The material below contains a line with "五岳独尊承袭世代古法,精选泰" and a line with "Selling a JW". Copy exactly those two lines and all lines between them.
╭─ Information shown
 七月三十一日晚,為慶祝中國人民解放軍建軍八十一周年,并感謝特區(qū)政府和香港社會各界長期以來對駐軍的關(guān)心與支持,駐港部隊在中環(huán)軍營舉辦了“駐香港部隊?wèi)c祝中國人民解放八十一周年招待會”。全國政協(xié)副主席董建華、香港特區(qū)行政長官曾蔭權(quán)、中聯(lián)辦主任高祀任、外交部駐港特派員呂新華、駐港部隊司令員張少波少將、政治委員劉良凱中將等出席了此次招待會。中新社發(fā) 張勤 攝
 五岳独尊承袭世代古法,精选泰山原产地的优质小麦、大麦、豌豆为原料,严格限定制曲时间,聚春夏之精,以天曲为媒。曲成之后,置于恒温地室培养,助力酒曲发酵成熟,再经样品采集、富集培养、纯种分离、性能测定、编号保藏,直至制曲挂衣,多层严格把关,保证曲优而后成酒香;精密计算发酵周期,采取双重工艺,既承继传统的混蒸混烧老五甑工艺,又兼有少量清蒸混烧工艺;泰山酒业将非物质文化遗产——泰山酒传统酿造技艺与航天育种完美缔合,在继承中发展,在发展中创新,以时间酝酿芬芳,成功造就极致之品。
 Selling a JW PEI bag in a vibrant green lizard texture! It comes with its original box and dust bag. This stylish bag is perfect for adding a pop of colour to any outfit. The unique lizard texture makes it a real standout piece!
╰─
╭─ Information shown
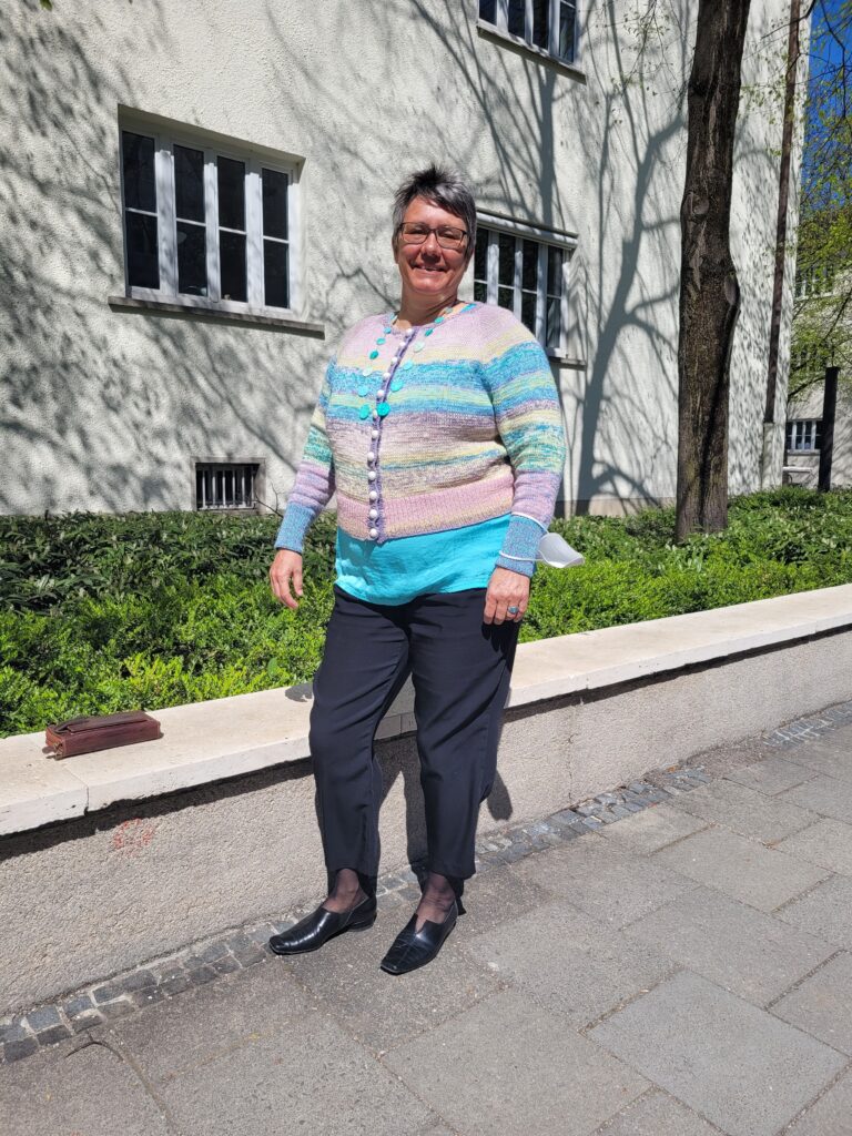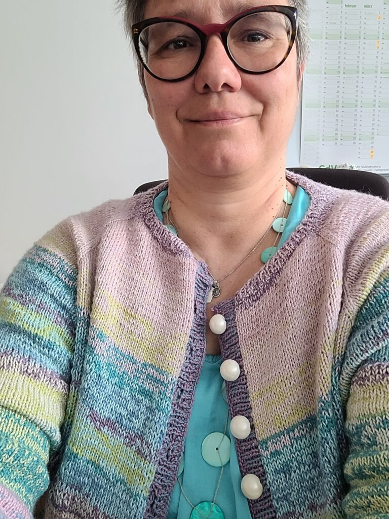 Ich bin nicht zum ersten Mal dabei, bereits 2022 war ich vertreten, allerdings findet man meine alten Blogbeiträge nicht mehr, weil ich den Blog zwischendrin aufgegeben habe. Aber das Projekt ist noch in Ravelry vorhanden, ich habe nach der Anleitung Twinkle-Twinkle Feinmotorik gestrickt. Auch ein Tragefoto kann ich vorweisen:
╰─
Answer to the exercise =>
 五岳独尊承袭世代古法,精选泰山原产地的优质小麦、大麦、豌豆为原料,严格限定制曲时间,聚春夏之精,以天曲为媒。曲成之后,置于恒温地室培养,助力酒曲发酵成熟,再经样品采集、富集培养、纯种分离、性能测定、编号保藏,直至制曲挂衣,多层严格把关,保证曲优而后成酒香;精密计算发酵周期,采取双重工艺,既承继传统的混蒸混烧老五甑工艺,又兼有少量清蒸混烧工艺;泰山酒业将非物质文化遗产——泰山酒传统酿造技艺与航天育种完美缔合,在继承中发展,在发展中创新,以时间酝酿芬芳,成功造就极致之品。
 Selling a JW PEI bag in a vibrant green lizard texture! It comes with its original box and dust bag. This stylish bag is perfect for adding a pop of colour to any outfit. The unique lizard texture makes it a real standout piece!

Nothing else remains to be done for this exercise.